The Vice President of the United States, Kamala Harris, seeks to use the Summit of the Americas, which takes place this week in Los Angeles, as a platform from which to relaunch her image, after a series of misunderstandings and a collapse in her popularity. That strategy, however, begins with a misstep: Harris mediated directly so that the president of Honduras, Xiomara Castro, who was absent at the last minute, in an affront to the White House, attended the summit. In two years, almost half a million Hondurans have been detained after entering the US without papers, out of a total of almost four million asylum seekers, according to an official US count.
Upon arriving at the White House, President Joe Biden tasked Harris with
a strategy to solve the very serious migration crisis on the southern border of the United States. The vice president was slow to visit that same border, and focused on dealing with the countries that send those without papers to support them with investment for development. Since then, Harris has visited Honduras, Mexico and Guatemala. In the latter country, however, she provoked a controversy by telling Guatemalan emigrants: “Don’t come, don’t keep coming, the US will continue to apply the law and protect its borders.” Several Democrats criticized the vice president for denying these emigrants the right to asylum when they flee misery and violence in their countries, and that she did so with words that were nothing different from those that the Trump Administration would have pronounced.
Following her trip to Mexico and Guatemala, Harris’ popularity plummeted. According to an average of Real Clear Politics polls, after the visit more people suspended Harris than approved of it. Today only 41% of her have a favorable image of her, compared to 52% who do not see her with good eyes. According to other polls, if Biden does not stand for re-election, Harris could lose to Trump if the latter battles again in his party’s primaries.
The truth is that the Summit of the Americas, which is being held on US soil for the first time since 1994, is absent from the three leaders with whom Harris has met in their own countries: Castro from Honduras, Andrés Manuel López Obrador from Mexico and Alejandro Giammatei, from Guatemala.

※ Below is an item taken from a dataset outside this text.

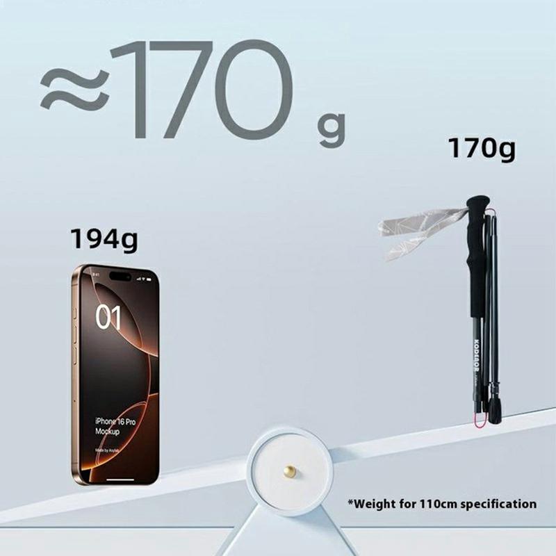 - Liga de alumínio leve - Pesa apenas 180g para um transporte sem fadiga em longas caminhadas.

In the end, López Obrador has led an initiative to boycott the summit due to Biden’s resistance to inviting the dictators of Cuba, Venezuela and Nicaragua. Of the 35 members of the Organization of American States, 30 were invited and 22 heads of state or government attended, in addition to Biden. They send to ministers, from Foreign Affairs or other portfolios, Bolivia, El Salvador, Guatemala, Honduras, Mexico and Uruguay, among others.

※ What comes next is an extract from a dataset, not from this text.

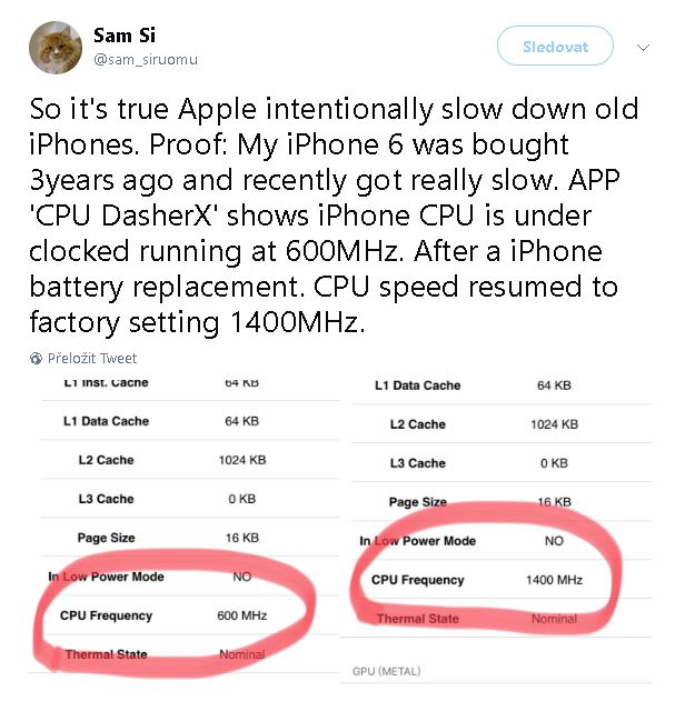 Přesně tak, ale co je to platné – když komentář nad tím vychvaluje záměrné zpomalování a navíc píše cosi nesmyslného o prodloužení životnosti IP. Samozřejmě nejde jen o IP, týká se to všech ios zařízení včetně aWatch, kdy pomalu nejde pořádně spustit aplikace cvičení u series 2.

Sources from the Biden Administration who spoke to the press on condition of anonymity on Monday said that the important thing is that there are delegations from all the American countries —except Cuba, Nicaragua and Venezuela— and that they have the power to sign migratory agreements, although they do not are the presidents. “We trust that the countries that sign the declaration on migration will commit to its objectives. And that includes Mexico. The Mexican government will be represented at the ministerial level by the foreign minister in Los Angeles. He has fully participated in the development of the migration initiative that will be launched this week. And we believe in every way that they are fully committed to it.”

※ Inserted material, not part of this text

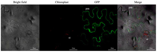 PsARRO−1 subcellular localization. The scale bar is 50 μm. (pm: plasma membrane; st: stomata).

The Venezuelan delegation is absent from the final list. The White House, for reasons that it has not explained, has not invited Juan Guaidó, whom since 2019 it has recognized as the legitimate representative of the Venezuelan people as leader of the National Assembly. Guaidó was invited to the summit of democracies that Biden organized at the end of 2021, and to which, again, López Obrador did not attend, although it was all by videoconference. So the Mexican president did not even bother to send his foreign minister, but was represented by the ambassador in Washington, Esteban Moctezuma.
The vice president’s office has prepared an ambitious plan that includes more than 1,900 million dollars (almost 1,800 million euros at current exchange rates) in investment commitments from private companies in the area, to create jobs that foster economic growth and deter young adults from leaving their homes, alone or with their families. Those investments include $700 million for mobile networks in Guatemala, Honduras and El Salvador and $270 million from Visa to promote digital payments, among others.
The public investments contemplated by the White House in that area are barely 300 million. In reality, an aid package of 4,000 million dollars for Central America that is being processed in the Capitol has stalled, with no sign of immediately prospering due to lack of support. Biden will also announce an ambitious reform of the Inter-American Development Bank.